Disease is most commonly found in thick lawns, where moisture sits on the plant for more than twelve hours without drying out. However, it can still attack your lawn even if you don't have thick turf. If you have shady areas of your lawn that the sun cannot reach to dry out, or if air flow is limited in areas of your lawn, disease will attack quickly. Disease can spread through your lawn in many different ways, including mowers, traffic, and even rain. It can commonly be confused with drought stress in the latter part of the summer.

So how do you go about preventing fungus? Here are some best practices:
  • The best time to water your lawn is early in the morning, so that you are finished by 7:00am
  • Let your turf dry out between waterings for at least 1 full day. 2 days is better. Your turf only needs watering 2-3 times per week.

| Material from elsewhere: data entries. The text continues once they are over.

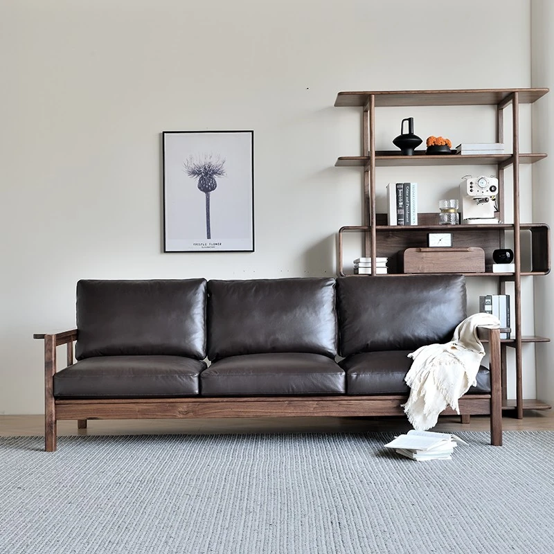 North American Black Walnut Solid Wood Sofa Set - Genuine Leather, Top Grain Cowhide, Nordic Japanese Minimalist Style for 3-4 People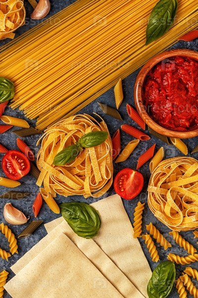 Фон итальянской кухни с макаронами, специями и овощами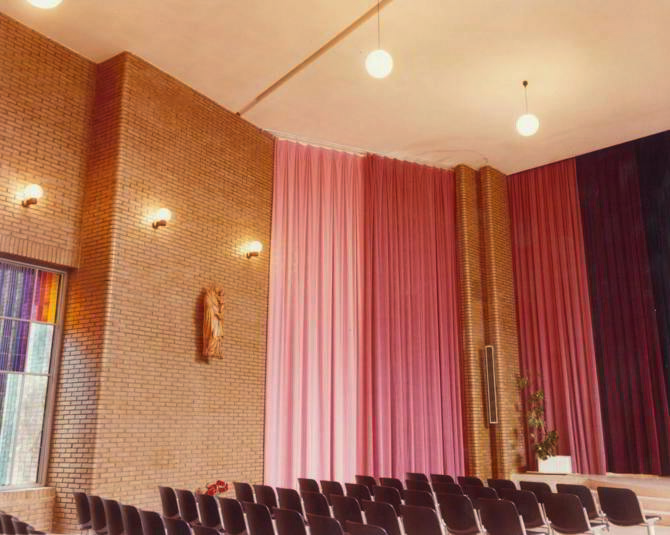 El complejo es una construcción lineal en el eje Este-Oeste, en el que destaca una gran fachada. En el volumen lineal se sitúan los programas docentes mientras que la iglesia y la se alojan en otro volumen en forma de L.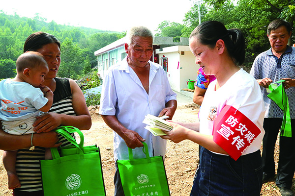 汛期来临,县自然资源局防灾避险宣传员深入观音堂林站罗顶村梁沟组向群众宣讲普及地质灾害防灾避险科普知识。 王双正 摄影

  • Keep your mower blade sharp
  • Treat your lawn with a fungicide
But just like your car, the best maintenance is preventative maintenance.
 
We at AA Tex Lawn want the best for your lawn. We strongly recommend a seasonal fungicide protection and that you receive three applications at 28-30 days apart. The product we apply has a residule date of 28-30 days. If not reapplied after one application fungus can creep back into your lawn, which is why we strongly recommend three applications throughout the summer months. We encourage you to get these applications sooner rather than later. Remember "PREVENTION IS THE BEST MEDICINE".
 
While you can buy products to treat for disease yourself, keep in mind that most of the products that you can buy from a retail store only have a residule for 14 days. That means you would need to apply it every two weeks during disease season.